In collaboration with the Center of Concern, the Agribusiness Action Initiative and the Asian Farmer’s Association, DAWN convened 18 activists working in rural areas and the agricultural sector for the capacity building workshop A Bottom-Up Approach to Righting Financial Regulation held last 5-6 December 2011 in the Philippines. The workshop spun off from an earlier initiative that produced the Kuala Lumpur Guidelines, which linked the issue of human rights with advocacy work on trade, investment, financial rules and regulation.
With increased understanding of the growth of private sector investment in agriculture and food systems in the region, principally in the Mekong sub-region, the workshop was largely attended by delegates from the Mekong sub-region with some representatives from Indonesia and the Philippines. The workshop primarily aimed to: 1) build the capacity of its participants to develop nation-wide financial and investment regulation proposals that facilitate human rights and development; 2) establish clear links between financial regulation and selected issues undertaken by human rights, grassroots and peasant/rural-based movements; and 3) identify global issues, such as transnational agribusiness firms, coaching participants on how to mobilize globally and launch effective advocacy strategies.
The workshop represented a first step in generating Asia-wide conversations around the linkage of financial regulation and human rights. The workshop resulted in the collective identification of urgent themes for research and global advocacy building. These are:
1) Financing for production and the plight of farmers in the real economy
· conduct a region-wide mapping of the impacts of financial regulation on both women and men farmers;
· understand the financial regulation framework for the region as designed by the ASEAN; and
· organize institutional capacity building trainings and workshops on financial regulation for CSOs.
2) Food price speculation and the farmer in the real economy
· strengthen women and men farmer cooperatives and eliminate the need for brokers;
· support capacity building initiatives for women and men farmers; and
· make loan available for women and men farmers to facilitate their (financial) capacity, and boost the farming sector as a whole.

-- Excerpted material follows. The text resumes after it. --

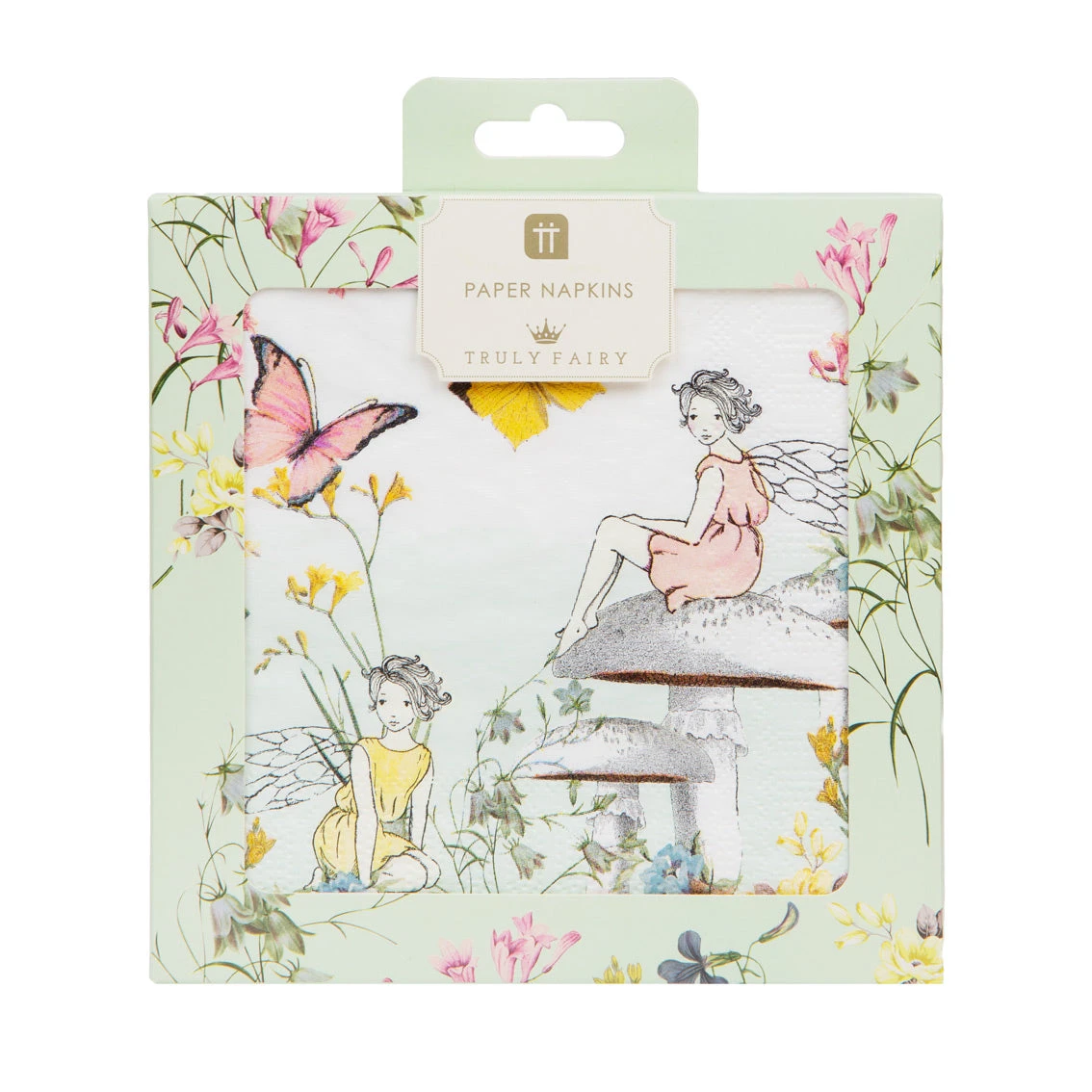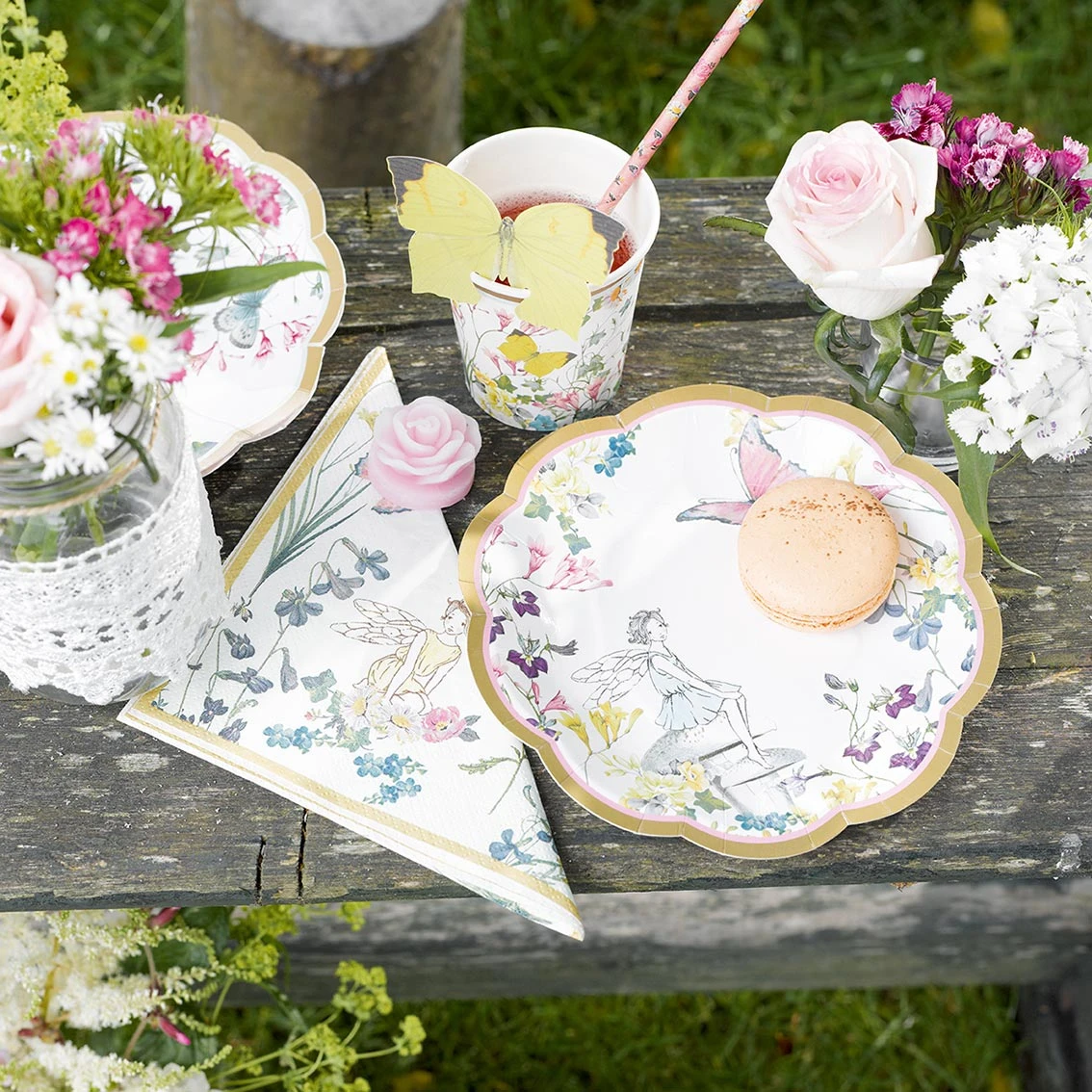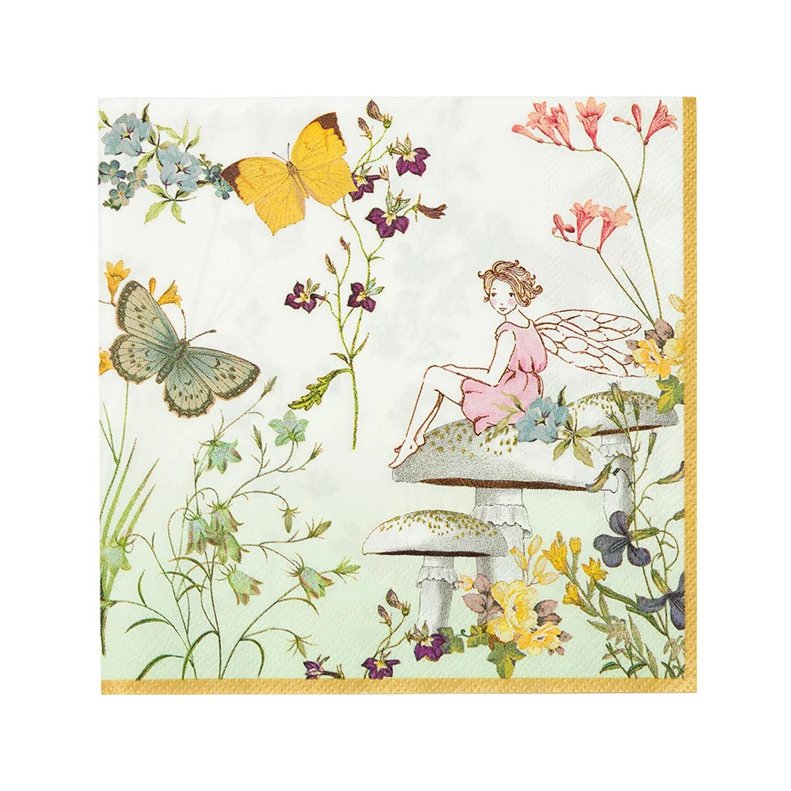 Create your own fairytale with these beautifully illustrated fairy napkins. Featuring a pretty setting with a friendly fairy, butterflies and delicate flowers, these paper napkins are perfect for a kid’s fairy party, garden party, tea party, baby shower or on Mother’s Day.

3) Public finance and budgeting for agriculture
· in Lao PDR, obtain funding for water conservation activities in partnership with the community to establish seed and domestic animal banking system and reforestation;
· provide regular orientation programs to poor farmers (women and men) on government programs and services;
· enhance existing government mechanisms that promote CSO participation; and
· provide a platform for sharing best practices on sustainable agricultural practices, linking small farmers to the market, enhancing the value chain, and integrating human rights in government agri- programs and services.
Note: This statement is also part of the DAWN Informs January 2012 Issue.